Page MenuHomePhabricator

Automate daily publication of trending article lists for experiment countries
Closed, ResolvedPublic

Description

The lists will be published on wiki pages like https://www.mediawiki.org/wiki/Wikipedia_for_KaiOS/engagement1/trending/en/ng/2021-01-01 (this page has a sample of the desired format). The first five entries will be shown in order, but I plan to provide ten entries per list just in case.

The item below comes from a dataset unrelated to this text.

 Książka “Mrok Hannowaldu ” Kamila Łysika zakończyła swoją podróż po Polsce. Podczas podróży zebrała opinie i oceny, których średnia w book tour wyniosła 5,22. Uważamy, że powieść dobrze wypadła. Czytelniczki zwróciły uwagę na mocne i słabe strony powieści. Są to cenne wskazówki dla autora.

We will need to protect the pages and set them to use the JSON content model, which will require administrator rights on MediaWiki.org.

In addition to the article names, the lists should contain the lead image and the description from the page summary API (https://en.wikipedia.org/api/rest_v1/page/summary/Cat).

Event Timeline

nshahquinn-wmf renamed this task from Automate publication of a daily list of top-read articles in India to Automate daily publication of trending article lists for experiment countries.Mar 9 2021, 11:04 AM
nshahquinn-wmf updated the task description. (Show Details)
nshahquinn-wmf raised the priority of this task from Medium to High.Mar 23 2021, 4:29 PM

Okay, I believe I've finally got everything set up properly.

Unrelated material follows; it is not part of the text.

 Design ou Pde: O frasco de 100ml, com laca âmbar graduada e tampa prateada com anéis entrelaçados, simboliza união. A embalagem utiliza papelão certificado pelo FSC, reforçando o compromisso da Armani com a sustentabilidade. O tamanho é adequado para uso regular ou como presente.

The code is at https://github.com/wikimedia-research/2021-KaiOS-app-homepage-content-suggestions.

I've set trending_articles.py to run on stat1008 every day at 03:00 UTC to produce the lists based on the previous day's data. It will run as user analytics-product (so it can automatically authenticate with Kerberos). It posts on MediaWiki.org using my account, authenticated as an OAuth 1 owner-only consumer.

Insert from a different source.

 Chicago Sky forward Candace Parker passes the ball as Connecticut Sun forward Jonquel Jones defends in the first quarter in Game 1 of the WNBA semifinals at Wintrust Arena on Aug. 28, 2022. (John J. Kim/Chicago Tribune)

Specifically, I changed all the files in the experiment folder to mode 775 and group analytics-product-users. Then, I opened the crontab with sudo -u analytics-product crontab -e and inserted the following:

http_proxy="http://webproxy:8080"
https_proxy="http://webproxy:8080"
no_proxy=127.0.0.1,localhost,.wmnet
0 3 * * * /home/neilpquinn-wmf/2021-KaiOS-app-homepage-content-suggestions/trending_articles.py >> /home/neilpquinn-wmf/2021-KaiOS-app-homepage-content-suggestions/logs.txt 2>&1

It's important to set the proxy lines here; otherwise, the script won't be able to access the internet and therefore the APIs it needs.

I will leave this open, since I want to monitor the job over the next couple of days in case unexpected bugs come up.

It looks like the job ran just fine today! I'll check again tomorrow before closing this.

The job has now run correctly for two days in a row, so I think we can now rely on it for the experiment.